Boeing renoue avec les bénéfices grâce aux cessions d’actifs et au rebond des livraisons d’avions commerciaux, signant en 2025 son premier exercice dans le vert depuis 2018, mais sa reprise reste largement portée par un gain exceptionnel et s’inscrit encore dans un contexte industriel fragile.

Le constructeur Boeing a annoncé pour 2025 un bénéfice net de 2,24 milliards de dollars, après une lourde perte de 11,83 milliards en 2024, porté par une forte hausse des livraisons d’avions commerciaux et surtout par une plus-value de 9,6 milliards liée à la cession partielle de son activité Digital Aviation Solutions. C’est son premier exercice positif depuis 2018. Au quatrième trimestre, le constructeur a dégagé un résultat net de 8,22 milliards de dollars, à comparer à une perte de 3,861 milliards sur la même période de 2024.

Son chiffre d’affaires annuel progresse de 34%, à 89,5 milliards de dollars, tandis que le carnet de commandes atteint un niveau record de 682 milliards, dont plus de 6 100 avions commerciaux. Sur le seul quatrième trimestre, les revenus atteignent 23,9 milliards de dollars, contre 15,2 milliards un an plus tôt, portés par 160 livraisons d’avions commerciaux.
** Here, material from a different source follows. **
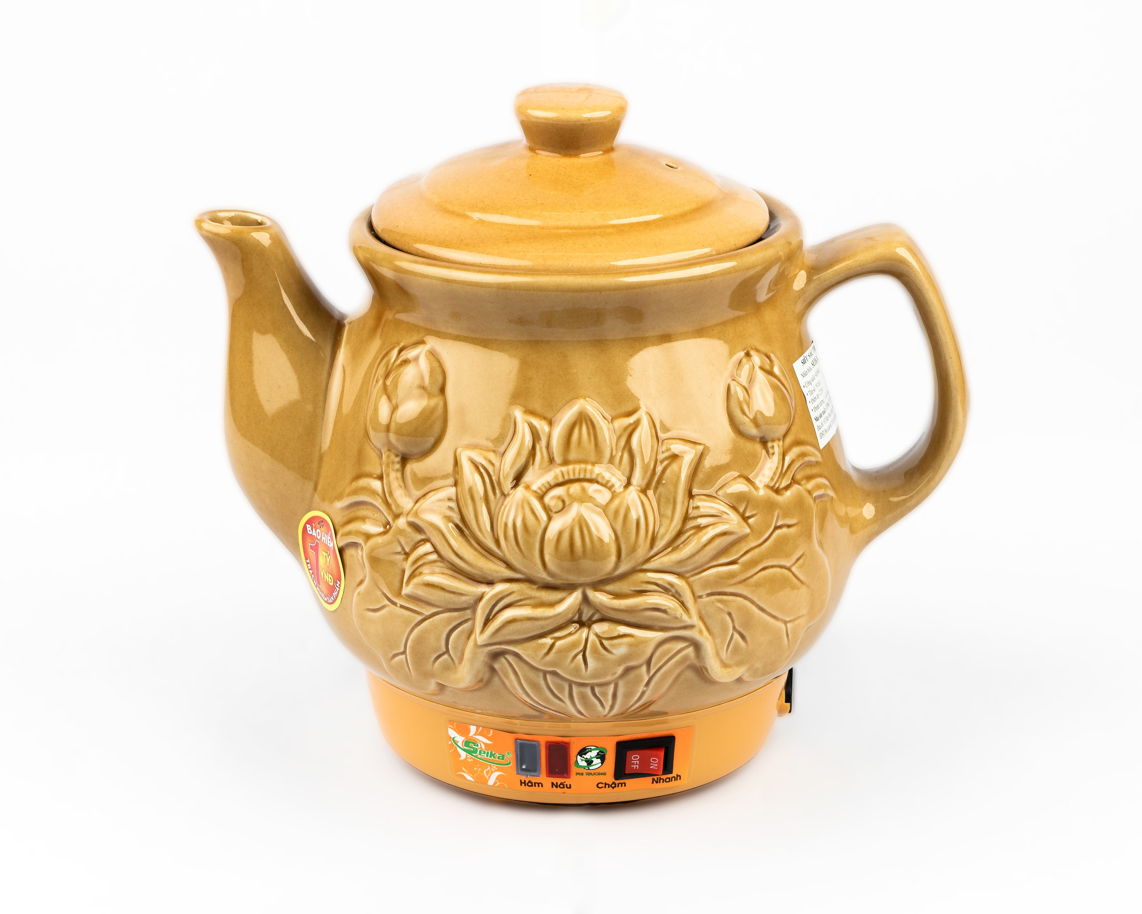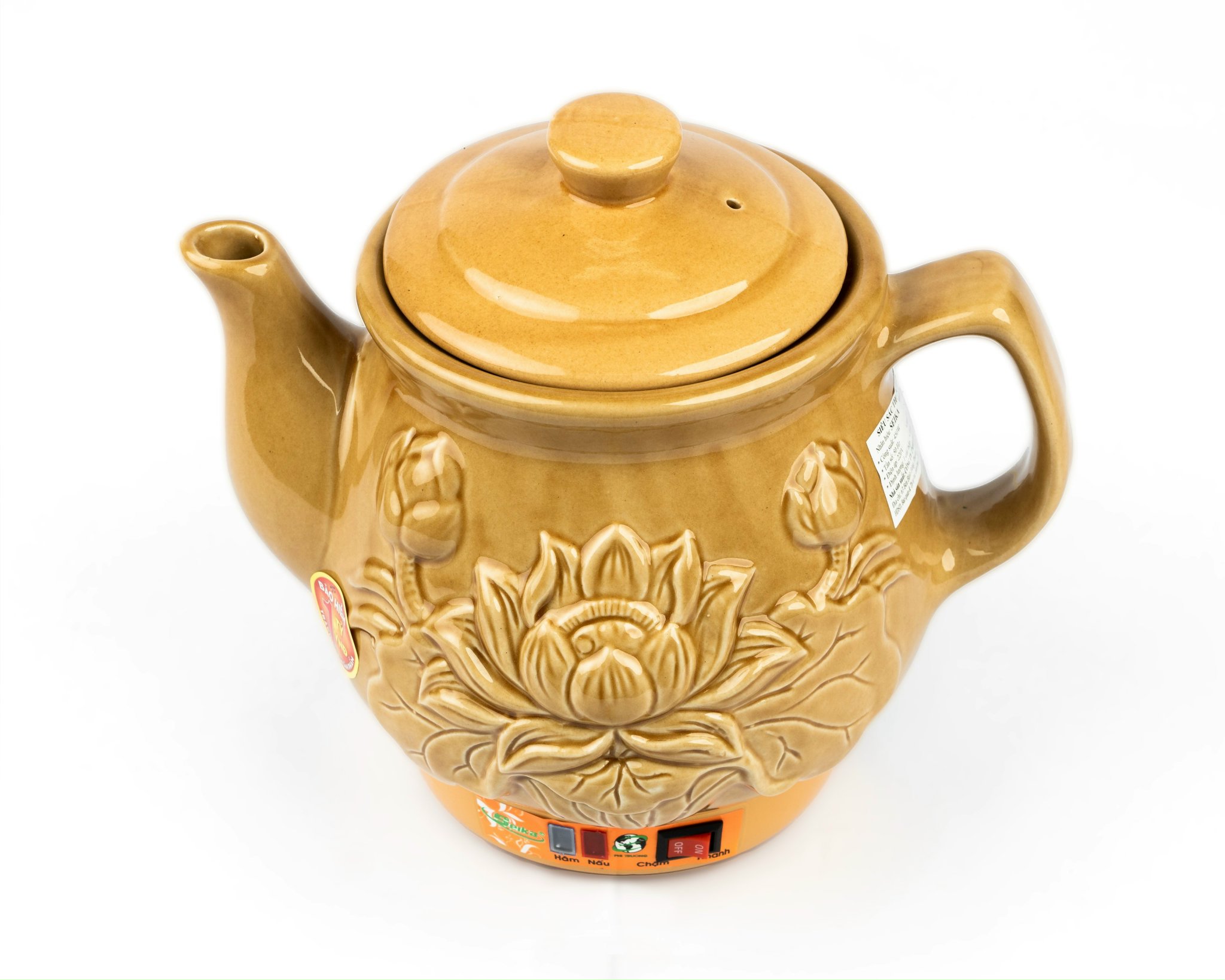 - Dung tích: 3.2L / Công suất: 450W - Chất liệu gốm được nung ở nhiệt độ 1300 độ C - Hoàn toàn khử hết chì trong đất. - Men phủ ấm là men tự
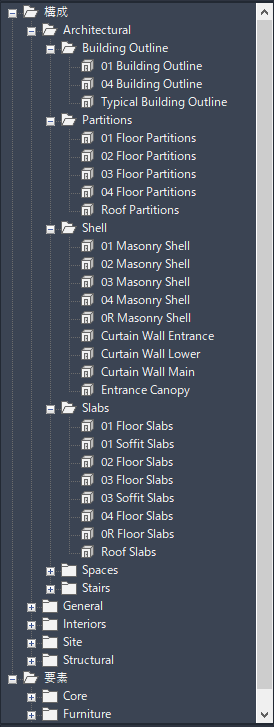 図面エクスプローラは、プロジェクト ナビゲータの[構成]タブ、[ビュー]タブ、[シート]タブに共通のツリー ビューです。図面エクスプローラには、図面ファイルが編成されます。プロジェクト ナビゲータの[プロジェクト]タブ以外のタブには、関連するプロジェクト図面ファイル(要素、構成、ビュー、シート)が図面エクスプローラのツリーとして表示されます。

Derrière ce redressement spectaculaire, Boeing reste toutefois sous étroite surveillance réglementaire, avec des programmes clés comme le 737 MAX et le 777X toujours sous pression.

Un retour aux bénéfices sous perfusion de cessions, mais un carnet de commandes qui se remplit

Ce spectaculaire retournement tient en grande partie à la vente partielle de Digital Aviation Solutions, une activité regroupant notamment Jeppesen, qui génère un gain de 9,6 milliards de dollars et augmente le bénéfice par action de 11,83 dollars. « Nous avons accompli des progrès significatifs dans notre redressement en 2025 et posé les bases pour poursuivre cette dynamique dans l’année à venir », a déclaré le directeur général Kelly Ortberg, en insistant sur la priorité donnée à la sécurité, la qualité et la stabilité de la production.

Le groupe met en avant un carnet de commandes total porté à un record de 682 milliards de dollars, tous segments confondus, avec les divisions aviation commerciale, défense et services chacune à un plus haut historique. Ce portefeuille comprend plus de 6 100 avions commerciaux, d’une valeur d’environ 567 milliards de dollars, signe d’une demande soutenue de la part des compagnies aériennes malgré les tensions sur les chaînes d’approvisionnement. En 2025, Boeing a enregistré 1 173 commandes nettes d’avions commerciaux, incluant notamment des 737 MAX 10, 787-9 et 777-9 pour des clients comme Alaska Airlines et Emirates.

Livraisons au plus haut depuis 2018 mais marge encore sous pression

Le pilier commercial de Boeing retrouve des volumes inédits depuis la crise du 737 MAX, avec 600 avions livrés en 2025, soit le plus haut niveau depuis 2018. Ces livraisons sont dominées par la famille 737 MAX, dans un environnement de production jugé plus stable, même si le groupe reconnaît que la montée en cadence reste progressive.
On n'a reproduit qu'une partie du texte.